The per cpu nmi watchdog timer is based on an event counter.
idle cpus don't generate events so the NMI watchdog doesn't fire
and the test to see if the watchdog is working fails.

- Add nmi_cpu_busy so idle cpus don't mess up the test.
- kmalloc prev_nmi_count to keep kernel stack usage bounded.
- Improve the error message on failure so there is enough
information to debug problems.

Signed-off-by: Eric W. Biederman <[email protected]>


---

arch/i386/kernel/nmi.c | 39 +++++++++++++++++++++++++++++++++++++--
1 files changed, 37 insertions(+), 2 deletions(-)
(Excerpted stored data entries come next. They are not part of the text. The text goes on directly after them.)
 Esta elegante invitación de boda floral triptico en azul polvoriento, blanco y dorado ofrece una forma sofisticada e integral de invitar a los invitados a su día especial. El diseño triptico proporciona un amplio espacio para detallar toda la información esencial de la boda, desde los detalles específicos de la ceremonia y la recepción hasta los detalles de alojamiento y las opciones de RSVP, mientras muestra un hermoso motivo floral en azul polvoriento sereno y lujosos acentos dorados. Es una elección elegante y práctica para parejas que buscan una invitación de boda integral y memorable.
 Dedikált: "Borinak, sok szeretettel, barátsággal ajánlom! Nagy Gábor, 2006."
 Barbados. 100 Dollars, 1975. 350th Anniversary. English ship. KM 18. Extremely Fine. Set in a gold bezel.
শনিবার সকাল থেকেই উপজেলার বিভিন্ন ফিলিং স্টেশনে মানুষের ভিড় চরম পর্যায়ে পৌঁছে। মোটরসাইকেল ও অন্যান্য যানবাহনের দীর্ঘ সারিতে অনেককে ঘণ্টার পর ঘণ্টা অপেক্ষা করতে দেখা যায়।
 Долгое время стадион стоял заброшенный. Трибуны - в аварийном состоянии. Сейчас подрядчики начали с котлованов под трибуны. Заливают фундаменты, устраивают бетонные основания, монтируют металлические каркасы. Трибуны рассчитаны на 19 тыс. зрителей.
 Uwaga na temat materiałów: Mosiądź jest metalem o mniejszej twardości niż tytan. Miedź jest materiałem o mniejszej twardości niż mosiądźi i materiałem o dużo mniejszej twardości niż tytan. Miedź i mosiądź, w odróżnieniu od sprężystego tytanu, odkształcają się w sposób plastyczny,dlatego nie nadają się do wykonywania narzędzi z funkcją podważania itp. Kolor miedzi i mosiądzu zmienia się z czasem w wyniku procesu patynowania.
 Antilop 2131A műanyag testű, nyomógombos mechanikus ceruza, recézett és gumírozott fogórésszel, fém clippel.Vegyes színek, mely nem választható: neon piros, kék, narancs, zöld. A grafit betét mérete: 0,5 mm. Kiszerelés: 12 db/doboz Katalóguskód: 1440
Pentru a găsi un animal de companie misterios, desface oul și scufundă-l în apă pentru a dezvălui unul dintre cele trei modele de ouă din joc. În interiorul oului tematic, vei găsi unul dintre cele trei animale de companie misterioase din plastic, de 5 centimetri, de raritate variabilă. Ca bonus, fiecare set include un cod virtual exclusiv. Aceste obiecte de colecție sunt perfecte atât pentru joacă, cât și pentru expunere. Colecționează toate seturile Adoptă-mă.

42b4c9dd7c387ed2eb7a29c9f02c4c8ed75a736f
diff --git a/arch/i386/kernel/nmi.c b/arch/i386/kernel/nmi.c
--- a/arch/i386/kernel/nmi.c
+++ b/arch/i386/kernel/nmi.c
@@ -100,16 +100,44 @@ int nmi_active;
(P4_CCCR_OVF_PMI0|P4_CCCR_THRESHOLD(15)|P4_CCCR_COMPLEMENT| \
P4_CCCR_COMPARE|P4_CCCR_REQUIRED|P4_CCCR_ESCR_SELECT(4)|P4_CCCR_ENABLE)

+#ifdef CONFIG_SMP
+/* The performance counters used by NMI_LOCAL_APIC don't trigger when
+ * the CPU is idle. To make sure the NMI watchdog really ticks on all
+ * CPUs during the test make them busy.
+ */
+static __init void nmi_cpu_busy(void *data)
+{
+ volatile int *endflag = data;
+ local_irq_enable();
+ /* Intentionally don't use cpu_relax here. This is
+ to make sure that the performance counter really ticks,
+ even if there is a simulator or similar that catches the
+ pause instruction. On a real HT machine this is fine because
+ all other CPUs are busy with "useless" delay loops and don't
+ care if they get somewhat less cycles. */
+ while (*endflag == 0)
+ barrier();
+}
+#endif
+
static int __init check_nmi_watchdog(void)
{
- unsigned int prev_nmi_count[NR_CPUS];
+ volatile int endflag = 0;
+ unsigned int *prev_nmi_count;
int cpu;

if (nmi_watchdog == NMI_NONE)
return 0;

+ prev_nmi_count = kmalloc(NR_CPUS * sizeof(int), GFP_KERNEL);
+ if (!prev_nmi_count)
+ return -1;
+
printk(KERN_INFO "Testing NMI watchdog ... ");

+ if (nmi_watchdog == NMI_LOCAL_APIC)
+ smp_call_function(nmi_cpu_busy, (void *)&endflag, 0, 0);
+
for (cpu = 0; cpu < NR_CPUS; cpu++)
prev_nmi_count[cpu] = per_cpu(irq_stat, cpu).__nmi_count;
local_irq_enable();
@@ -123,12 +151,18 @@ static int __init check_nmi_watchdog(voi
continue;
#endif
if (nmi_count(cpu) - prev_nmi_count[cpu] <= 5) {
- printk("CPU#%d: NMI appears to be stuck!\n", cpu);
+ endflag = 1;
+ printk("CPU#%d: NMI appears to be stuck (%d->%d)!\n",
+ cpu,
+ prev_nmi_count[cpu],
+ nmi_count(cpu));
nmi_active = 0;
lapic_nmi_owner &= ~LAPIC_NMI_WATCHDOG;
+ kfree(prev_nmi_count);
return -1;
}
}
+ endflag = 1;
printk("OK.\n");

/* now that we know it works we can reduce NMI frequency to
@@ -136,6 +170,7 @@ static int __init check_nmi_watchdog(voi
if (nmi_watchdog == NMI_LOCAL_APIC)
nmi_hz = 1;

+ kfree(prev_nmi_count);
return 0;
}
/* This needs to happen later in boot so counters are working */


2005-10-05 19:50:12

by Bill Davidsen

[permalink] [raw]
Subject: Re: i386 nmi_watchdog: Merge check_nmi_watchdog fixes from x86_64

Eric W. Biederman wrote:
> The per cpu nmi watchdog timer is based on an event counter.
> idle cpus don't generate events so the NMI watchdog doesn't fire
> and the test to see if the watchdog is working fails.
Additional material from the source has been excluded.